**Activity:**
Print all of the data below exactly as it appears, leaving out every image.

**Collected data:**
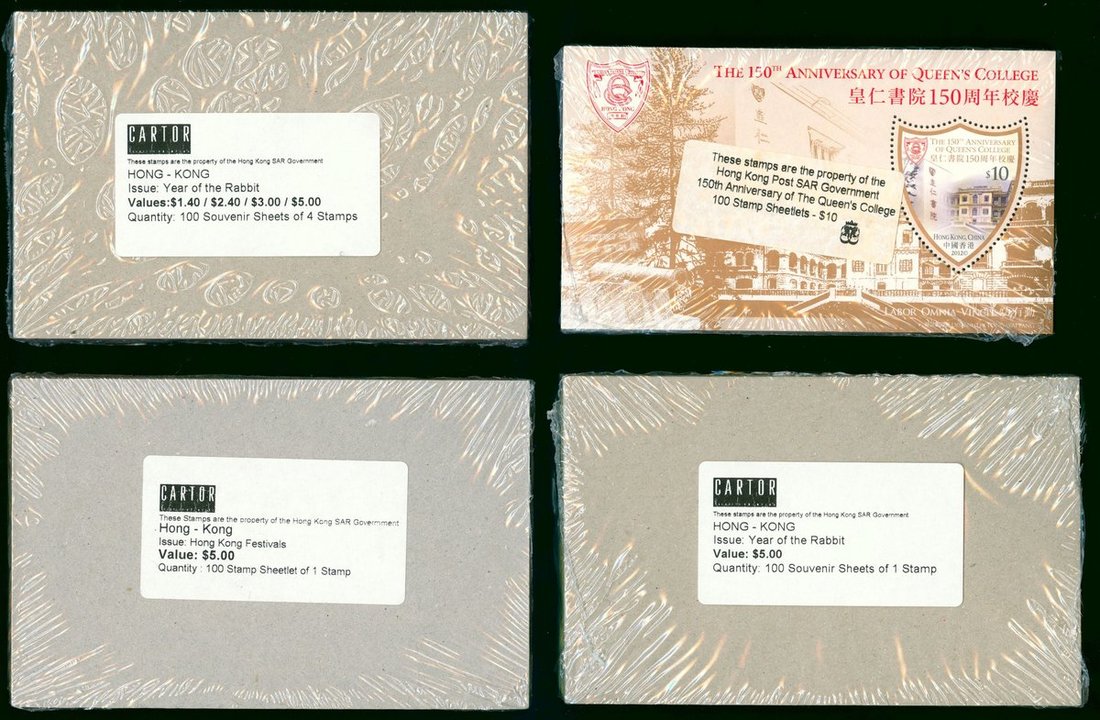 2011 Year of Rabbit miniature sheet, 4 values in one sheet (100) and $5 (100); 2012 The 150th Anniv. of Queen's College $10 miniature sheet (100) and Hong Kong Festival $5 miniature sheet (100).
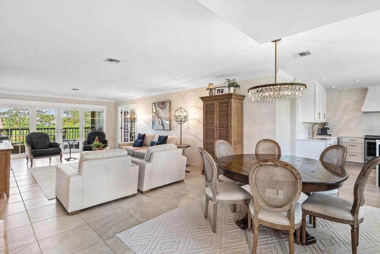 Experience luxurious living in this beautifully renovated 2nd floor, 3-bedroom, 2-bath condominium, showcasing breathtaking double lake and fairway views. Thoughtfully designed with elegance and functionality, this home features a gourmet kitchen with a striking center island adorned with a waterfall edge, high-end appliances, and a full-size wine cellar. The spacious main bedroom suite offers a tranquil retreat with a walk-in closet and a spa-inspired ensuite bath. French doors from living area lead to a private terrace equipped with an electric screen, ideal for enjoying the serene surroundings year-round. Quail Ridge is a mandatory membership community offering top tier golf courses, racquet sports, fitness center & spa, and a clubhouse offering fine dining and beyond.
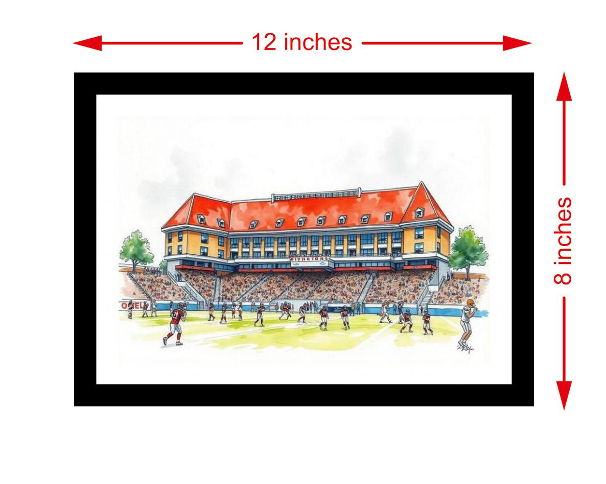 Capture the electrifying energy of game day with this vintage-inspired digital reprint. Encased in an elegant black frame, this vibrant illustration depicts a packed football stadium, a kaleidoscope of color and roaring excitement as the game unfolds on the field. The artwork beautifully evokes a sense of nostalgia, perfect for adding a touch of classic sporting charm to your home, office, or sports-themed room. A striking conversation piece and a thoughtful gift for any football enthusiast, this framed reprint offers a timeless aesthetic that celebrates the passion and spectacle of America's favorite pastime.

**Result for this exercise:**
 2011 Year of Rabbit miniature sheet, 4 values in one sheet (100) and $5 (100); 2012 The 150th Anniv. of Queen's College $10 miniature sheet (100) and Hong Kong Festival $5 miniature sheet (100).
 Experience luxurious living in this beautifully renovated 2nd floor, 3-bedroom, 2-bath condominium, showcasing breathtaking double lake and fairway views. Thoughtfully designed with elegance and functionality, this home features a gourmet kitchen with a striking center island adorned with a waterfall edge, high-end appliances, and a full-size wine cellar. The spacious main bedroom suite offers a tranquil retreat with a walk-in closet and a spa-inspired ensuite bath. French doors from living area lead to a private terrace equipped with an electric screen, ideal for enjoying the serene surroundings year-round. Quail Ridge is a mandatory membership community offering top tier golf courses, racquet sports, fitness center & spa, and a clubhouse offering fine dining and beyond.
 Capture the electrifying energy of game day with this vintage-inspired digital reprint. Encased in an elegant black frame, this vibrant illustration depicts a packed football stadium, a kaleidoscope of color and roaring excitement as the game unfolds on the field. The artwork beautifully evokes a sense of nostalgia, perfect for adding a touch of classic sporting charm to your home, office, or sports-themed room. A striking conversation piece and a thoughtful gift for any football enthusiast, this framed reprint offers a timeless aesthetic that celebrates the passion and spectacle of America's favorite pastime.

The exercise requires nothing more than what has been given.